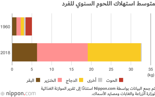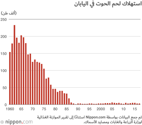 في عام 1960، بلغ الاستهلاك السنوي للفرد من اللحوم في اليابان 5.2 كغم. وحظي لحم الحيتان بـ1.6 كيلوغرام من هذا المجموع، وهو أعلى كمية بين جميع مصادر اللحوم. وبحلول عام 2017، ارتفع نصيب الفرد السنوي من استهلاك اللحوم إلى 32.7 كيلوغراما، حيث بلغ الدجاج والخنزير 13.4 و12.8 كيلوغرام على التوالي، في حين بلغ استهلاك لحوم البقر حوالي النصف. بينما تم حساب استهلاك لحوم الحيتان للفرد الواحد في نفس الفترة ليتضح أنه صفر كيلوغرام.
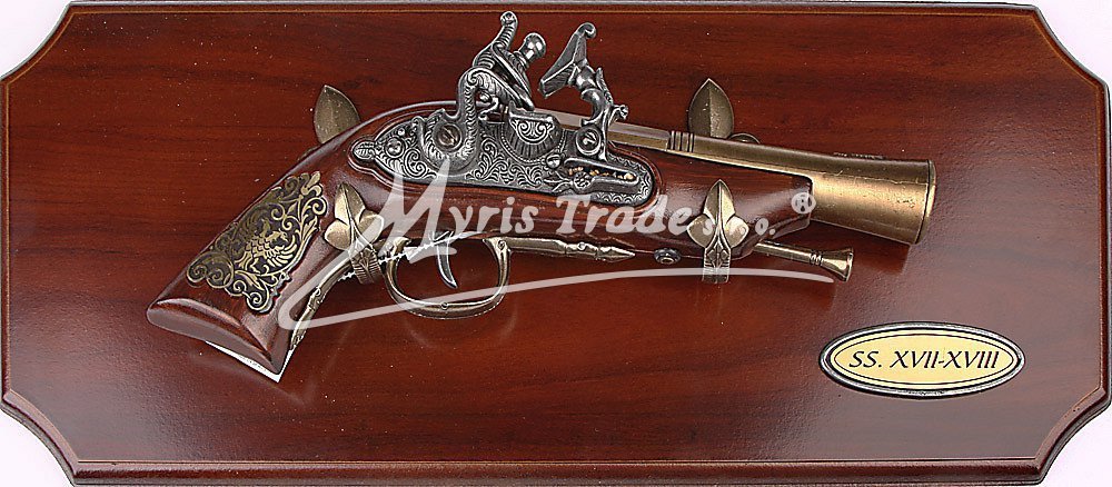 replika historické pistole z imitace dřeva na ozdobné desce s dekorativními háčky pro zavěšení pistole
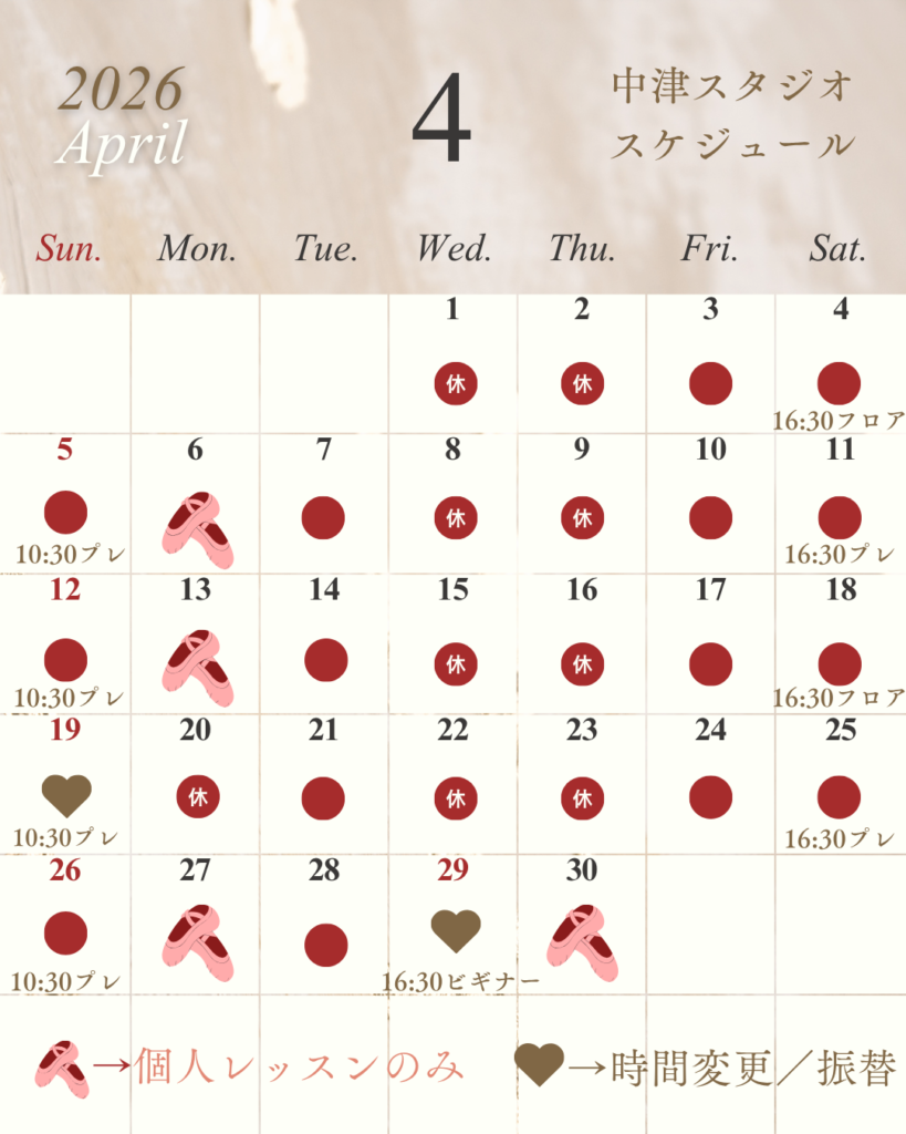 | 水 | ▽29日 (祝) | ▽ビギナー | 16:30ビギナー 18:00ポワント |

•••

What to do. Only the pictures are to be left out; all other material is to be output exactly.

Solution to the exercise.
 في عام 1960، بلغ الاستهلاك السنوي للفرد من اللحوم في اليابان 5.2 كغم. وحظي لحم الحيتان بـ1.6 كيلوغرام من هذا المجموع، وهو أعلى كمية بين جميع مصادر اللحوم. وبحلول عام 2017، ارتفع نصيب الفرد السنوي من استهلاك اللحوم إلى 32.7 كيلوغراما، حيث بلغ الدجاج والخنزير 13.4 و12.8 كيلوغرام على التوالي، في حين بلغ استهلاك لحوم البقر حوالي النصف. بينما تم حساب استهلاك لحوم الحيتان للفرد الواحد في نفس الفترة ليتضح أنه صفر كيلوغرام.
 replika historické pistole z imitace dřeva na ozdobné desce s dekorativními háčky pro zavěšení pistole
 | 水 | ▽29日 (祝) | ▽ビギナー | 16:30ビギナー 18:00ポワント |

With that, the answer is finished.